Dişi sivrisineğin kanatlarından çıkan ses erkek sivrisineği etkileyen en önemli faktördür. Dişinin kanat sesleri, erkeğin antenindeki reseptör (alıcı) hücreleri titreştirir ve sivrisineğin beynine elektrik sinyallerini gönderir. Erkek sivrisinek hassas antenleri sayesinde, çiftleşme zamanı geldiğinde, binlerce ses arasında dişisinin kanat çırpma frekansını algılar.
Erkek sivrisineklerin antenleri, dişilere göre çok daha hassastır. Erkeğin kafasından çıkan 2 tane küçük, tüylü antende bulunan ve çok sayıda duyu hücresinden meydana gelmiş bir organ vardır. "Johnston organı" olarak adlandırılan bu sistem, ses dalgalarının titreşimlerini alır ve ayırt eder. Bu tüylü duyargalar yalnızca dik durumdayken ses titreşimlerine karşı duyarlıdır.
Termitlerin Hassas Antenleri, Darwinistlerin Tesadüf İddiasını İmkansız Kılar
Termitler kör olmalarına rağmen antenlerindeki hassas algılayıcılar sayesinde büyük bir titizlikle yuvalarının güvenliğini sağlarlar. Yuvalarına yaklaşan canlının, düşmanları olan bir karınca mı, bir böcek mi, yoksa bir termit mi olduğunu hemen ayırt eder ve eğer bu canlı bir yabancıysa onun yuvanın içerisine girmesine izin vermezler.
Kör bir termitin yuvaya yaklaşan bir böceği nasıl olup da tanıdığı sorusunun cevabı her iki canlının da yaratılışındaki mükemmellikte gizlidir.
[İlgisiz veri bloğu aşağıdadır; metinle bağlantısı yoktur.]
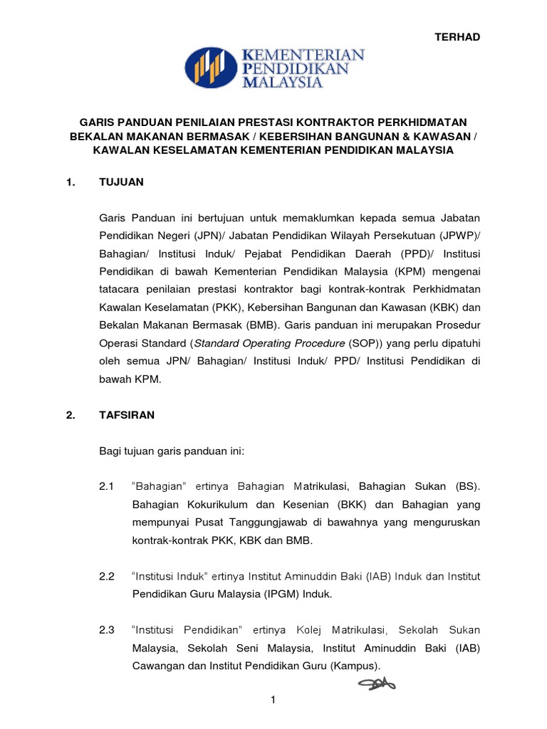 Https Www Moe Gov My Pekeliling 1009 Garis Panduan Penilaian Prestasi Kontraktor Perkhidmatan File

Böceklerde "kitin tabakası" olarak adlandırılan koruyucu bir yapı vardır. Bu tabaka dışarıya özel kokulu hidrokarbon molekülleri yayar. Bilim adamlarının ancak çeşitli aletlerle, laboratuvarlarda inceleyip, analiz ederek tespit ettikleri bu molekülleri termitler antenleriyle algılar ve buna göre savunma hazırlığı yaparlar. Termitlerin bu algılayıcıları öylesine hassastır ki kendi kolonilerinden olmayan başka bir termit cinsini dahi kolaylıkla ayırt ederek yuvalarına girmelerine izin vermezler.
Termitlerin, antenleri olmadan hayatlarını devam ettirebilmeleri imkansızdır. Çünkü bu antenleriyle sadece düşmanlarını tanımakla kalmayıp aynı zamanda hem yönlerini bulurlar hem de koloni yaşamını sürdürebilmek için kraliçeden gelen sinyalleri algılarlar.